C’è un paradosso storico enorme nella commemorazione del massacro di Tianamnen, di cui ricorre il trentesimo anniversario. Giustamente tutti gli osservatori sottolineano che si tratta di un ricordo vietato in Cina, come dimostra il fatto che oggi il bilancio della repressione è incerto. Alcuni parlano di 300 vittime, altri di 2.500.

Eppure nessuno riesce a spiegare in che modo questo regime, lo stesso che secondo l’ex presidente francese François Mitterrand non aveva “nessun futuro” dopo aver sparato sui suoi giovani, ha potuto non solo sopravvivere ma diventare la seconda potenza economica mondiale sfidando il dominio degli Stati Uniti. Tra l’altro la Cina è riuscita in questa impresa senza fare un passo indietro sulla natura autoritaria del regime, imponendo addirittura un giro di vite dopo che l’attuale numero uno, Xi Jinping, ha assunto il comando del Partito comunista, nel 2012.

L’argomento è di grande attualità nel momento in cui la Cina ricopre un ruolo di primo piano sulla scena internazionale e partecipa ai nuovi rapporti di forza che modelleranno i prossimi anni.

La contropartita per un miglioramento del tenore di vita è stata l’abbandono di qualsiasi rivendicazione politica

La spiegazione di questo fenomeno è, a mio avviso, doppia. Da un lato c’è il “contratto sociale” proposto dal patriarca del partito Deng Xiaoping con lo slogan “arricchitevi!”. La contropartita per questo miglioramento del tenore di vita è stata l’abbandono di qualsiasi rivendicazione politica, con la rinuncia alla richiesta di libertà e democrazia della primavera di Pechino.

La Cina vive ancora di questo “contratto”. La promessa del potere è stata mantenuta: centinaia di milioni di cinesi sono usciti dalla povertà entrando a far parte di una classe media urbana diventata la base sociale del nuovo potere. Il prezzo da pagare è stato salatissimo, ma finché la crescita si mantiene costante il regime conserva la propria legittimità. Da un punto di vista democratico questo sviluppo rappresenta un problema, ma è comunque efficace.

L’altra chiave risiede nel nazionalismo, diventato ormai il carburante essenziale del mix ideologico post maoista. La grandezza della Cina, soprattutto ora che il paese subisce la pressione di Donald Trump, vale qualsiasi sacrificio. Soprattutto considerando che è stato concretizzato un doppio patto, di crescita e di potenza.

Tiananmen, da questo punto di vista, è un fantasma che ricorda ai cinesi che un’altra via era possibile, non quella dell’occidente ma quella dell’ala riformista del partito e della società, che per un momento si era identificata con la protesta degli studenti.

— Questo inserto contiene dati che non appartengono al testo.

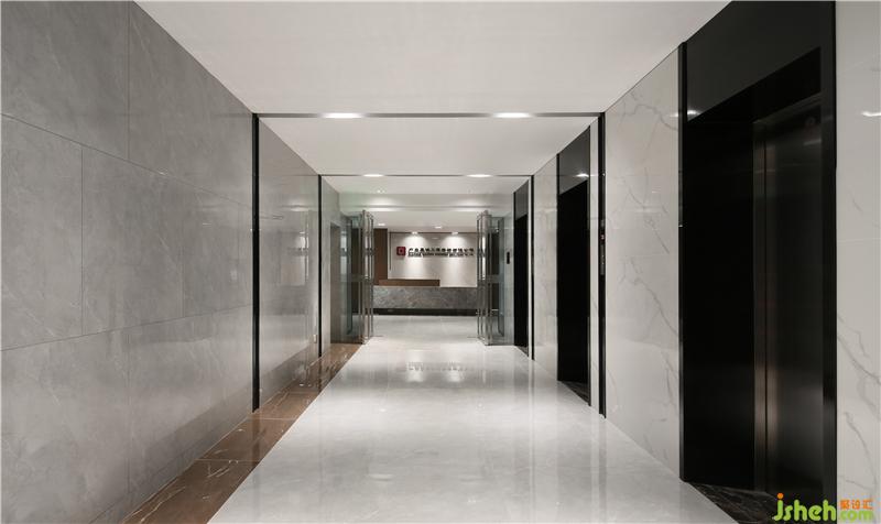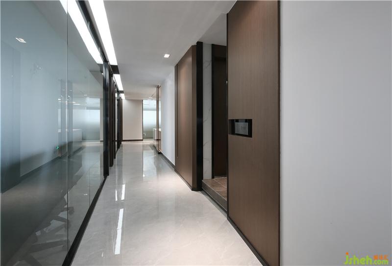 原平面為生硬的回字形布局,走廊過(guò)長(zhǎng),層高較矮,設(shè)計(jì)師以層次多變的跌級(jí)造型天花,通透的玻璃間墻為基礎(chǔ),以虛實(shí)結(jié)合的設(shè)計(jì)手法,讓空間凸顯層次感,打破走廊長(zhǎng)而規(guī)整的單調(diào)。
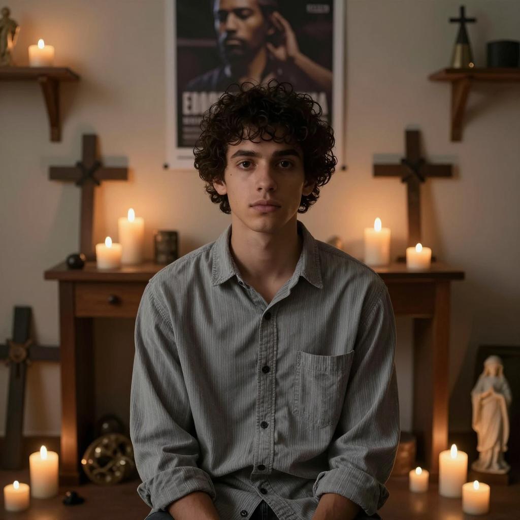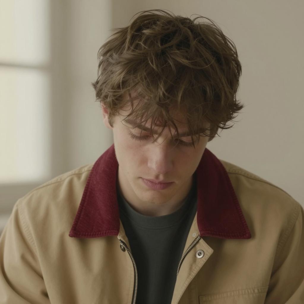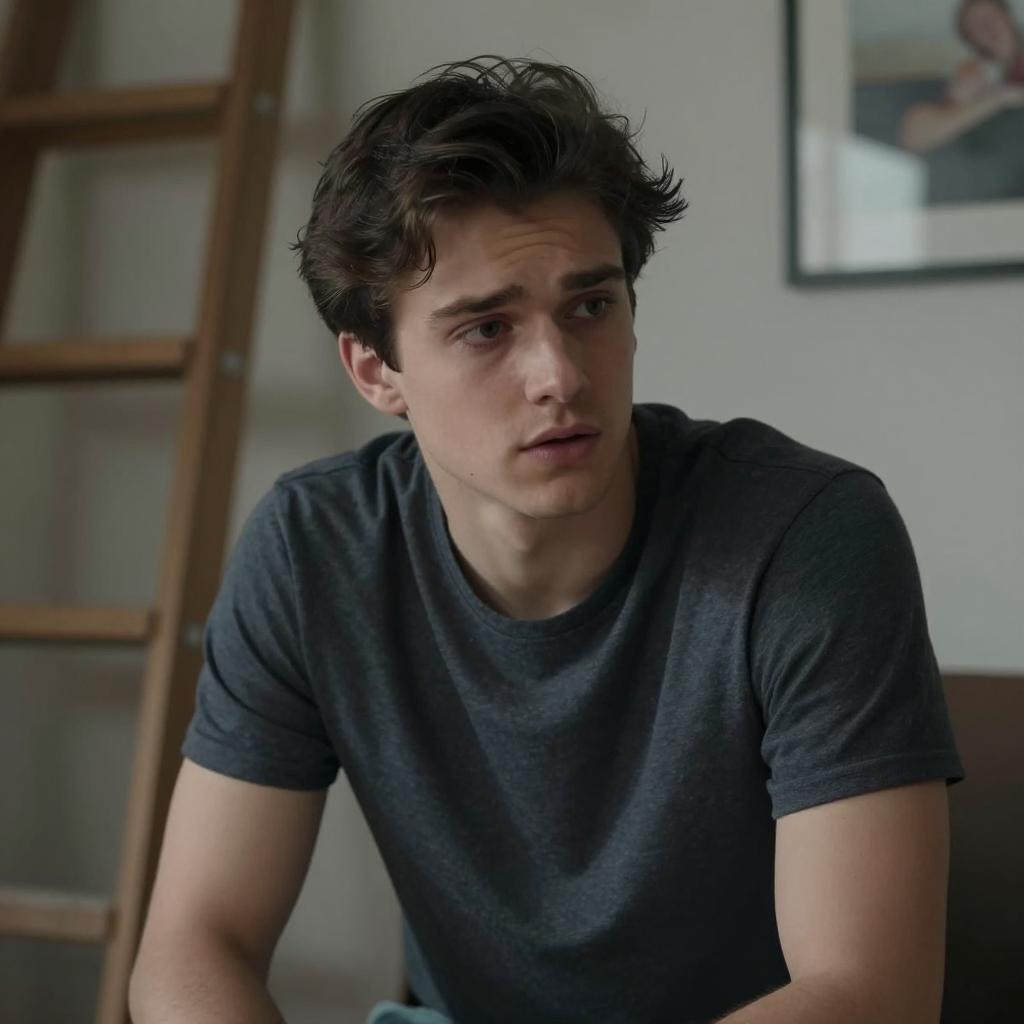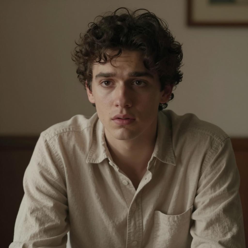 A young man with fair skin, dark curly hair, and brown eyes. He wears a slightly wrinkled beige shirt, sitting in a dimly lit room. His face shows a concerned expression, with slightly parted lips. Background is blurred with dark brown and beige tones.

Questa via alternativa ha un nome, quello di Michail Gorbačëv, ultimo leader comunista sovietico colpevole di aver liberalizzato la Russia e portato il suo partito alla disfatta. Nessuno, a Pechino, vuole essere il “ Gorbačëv cinese”.

Da un lato la rigidità ideologica e di sicurezza, dall’altro il successo economico: l’alchimia cinese è senza equivalenti nella storia e passa attraverso il controllo assoluto sulla memoria, sull’informazione e sulle emozioni collettive. Questa è la forza (ma anche la fragilità) di un sistema fondato non sull’adesione ma sulla riscrittura permanente della storia.